→ **Directions for this task**: Pictures do not belong in the copy; quote every entry below exactly.

→ **Data extracted from a collection**:
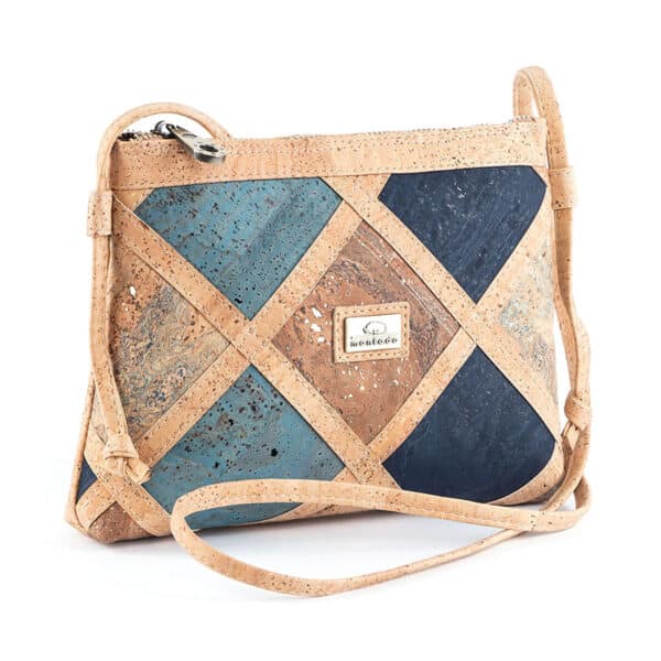 Umhängetasche «Losango Azul 2» aus Kork von Montado mit verstellbarem Trageriemen.
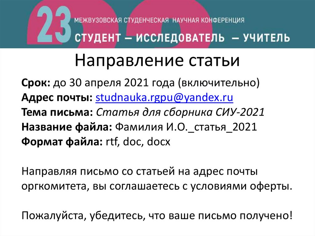 Направляя письмо со статьей на адрес почты
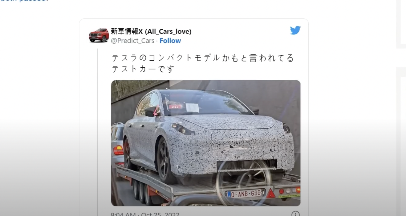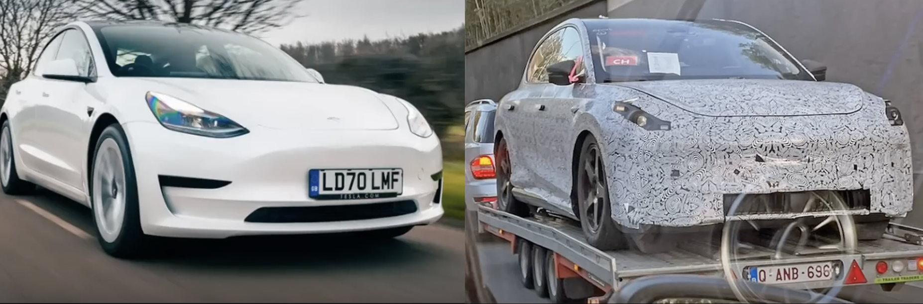 모델 S, X, 3, Y, 사이버 트럭 샘마일을 개발하면서 배운 모든 것을 차세대(반값 테슬라) 플랫폼에 적용할 것이다. 보급형 테슬라의 목표는 지금껏 테슬라 전 라이너 판매량보다 더 많이 생산하는 것이다." 라고 이야기한바가 있습니다. 솔직히 그동안 일론 머스크의 현얼림에 많이 당하긴 했지만, 반값 테슬라에 대해서 이번만큼 매우 구체화되고 그럴싸한 이야기를 한 것은 처음으로보는데요, 다시 기대감이 불타 흘렀고 그 와중에 초반에 보여들었던 스파이 샷이 포착된 것입니다. 이 사진이 반값 테슬라(모델2)다는 것은 아무도 확신할 수 없습니다. 다만 테슬라 차량임에는 논란의 여지 없이 분명합니다. 그러면 여기서 우리가 모델3와 뭐가 다른지 하나씩 꼬집어 보면 모델3의 페이스 리프드 버전인지 아니면 정말 새로운 차량인지 알 수 있지 않을까? 하는 생각에 최대한 비슷한 각도의 모델3 차량을 찾아내서 비교해 보면,
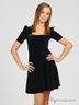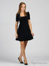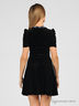 Очаровательное бархатное платье прекрасно подчеркивает фигуру и создает строгий, элегантный образ. Вырез каре декорирован серебристо-серым кантом с пуговицами. Короткие рукава присборенны по боковому шву.
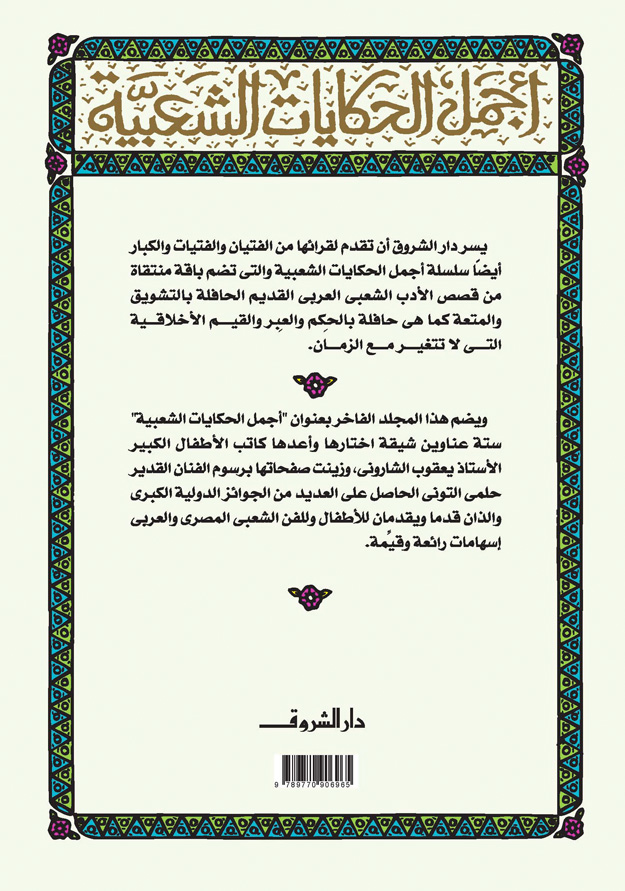 هذا الكتاب البديعُ يضم باقة مُنتقاة من قصص الأدب الشعبي العربي القديم، الحافلة بالتشويق والمتعة، كما هي حافلة بالحِكَم والعِبر والقِيم التي لا تتغير مع الزمن. اختار كاتبُ الأطفال الكبير يعقوب الشاروني ستَّ حكايات شعبية؛ مثل "الشاطر حسن"، و"البئر العجيبة"، ووضعها بلُغته السلِسة، وزُينت صفحاتُها برسوم الفنان القدير حلمي التوني، فأصبح هذا الكتابُ إضافة قيمة لمكتبة القارئ العربي.
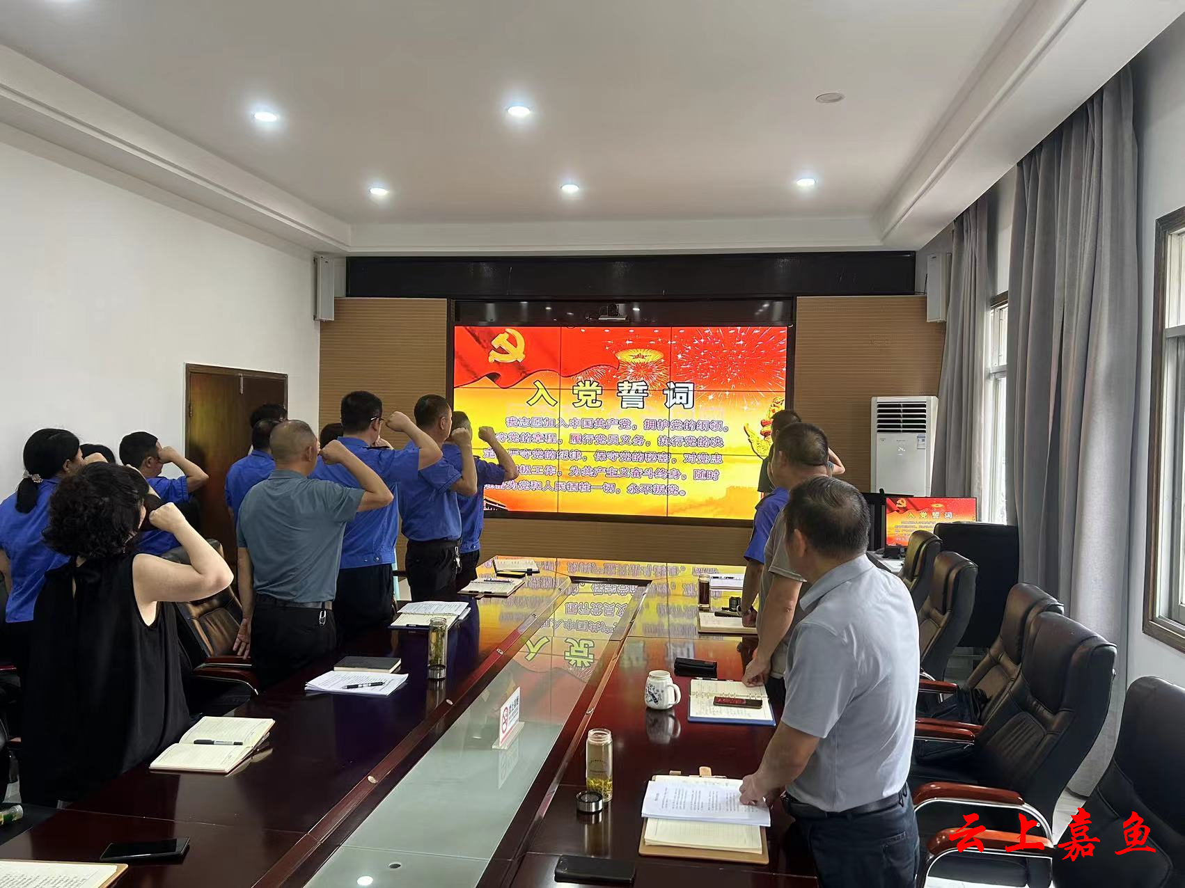 云上嘉鱼报道(通讯员熊文娟)“我志愿加入中国共产党,拥护党的纲领,遵守党的章程……”庄严浑厚的入党誓词在江堤边响起,身后是持续上涨的江水,脚下是百姓赖以生存的乐土,铿锵誓言中是党员们践行初心使命的承诺。

→ **Result of the exercise**:
 Umhängetasche «Losango Azul 2» aus Kork von Montado mit verstellbarem Trageriemen.
 Направляя письмо со статьей на адрес почты
 모델 S, X, 3, Y, 사이버 트럭 샘마일을 개발하면서 배운 모든 것을 차세대(반값 테슬라) 플랫폼에 적용할 것이다. 보급형 테슬라의 목표는 지금껏 테슬라 전 라이너 판매량보다 더 많이 생산하는 것이다." 라고 이야기한바가 있습니다. 솔직히 그동안 일론 머스크의 현얼림에 많이 당하긴 했지만, 반값 테슬라에 대해서 이번만큼 매우 구체화되고 그럴싸한 이야기를 한 것은 처음으로보는데요, 다시 기대감이 불타 흘렀고 그 와중에 초반에 보여들었던 스파이 샷이 포착된 것입니다. 이 사진이 반값 테슬라(모델2)다는 것은 아무도 확신할 수 없습니다. 다만 테슬라 차량임에는 논란의 여지 없이 분명합니다. 그러면 여기서 우리가 모델3와 뭐가 다른지 하나씩 꼬집어 보면 모델3의 페이스 리프드 버전인지 아니면 정말 새로운 차량인지 알 수 있지 않을까? 하는 생각에 최대한 비슷한 각도의 모델3 차량을 찾아내서 비교해 보면,
 Очаровательное бархатное платье прекрасно подчеркивает фигуру и создает строгий, элегантный образ. Вырез каре декорирован серебристо-серым кантом с пуговицами. Короткие рукава присборенны по боковому шву.
 هذا الكتاب البديعُ يضم باقة مُنتقاة من قصص الأدب الشعبي العربي القديم، الحافلة بالتشويق والمتعة، كما هي حافلة بالحِكَم والعِبر والقِيم التي لا تتغير مع الزمن. اختار كاتبُ الأطفال الكبير يعقوب الشاروني ستَّ حكايات شعبية؛ مثل "الشاطر حسن"، و"البئر العجيبة"، ووضعها بلُغته السلِسة، وزُينت صفحاتُها برسوم الفنان القدير حلمي التوني، فأصبح هذا الكتابُ إضافة قيمة لمكتبة القارئ العربي.
 云上嘉鱼报道(通讯员熊文娟)“我志愿加入中国共产党,拥护党的纲领,遵守党的章程……”庄严浑厚的入党誓词在江堤边响起,身后是持续上涨的江水,脚下是百姓赖以生存的乐土,铿锵誓言中是党员们践行初心使命的承诺。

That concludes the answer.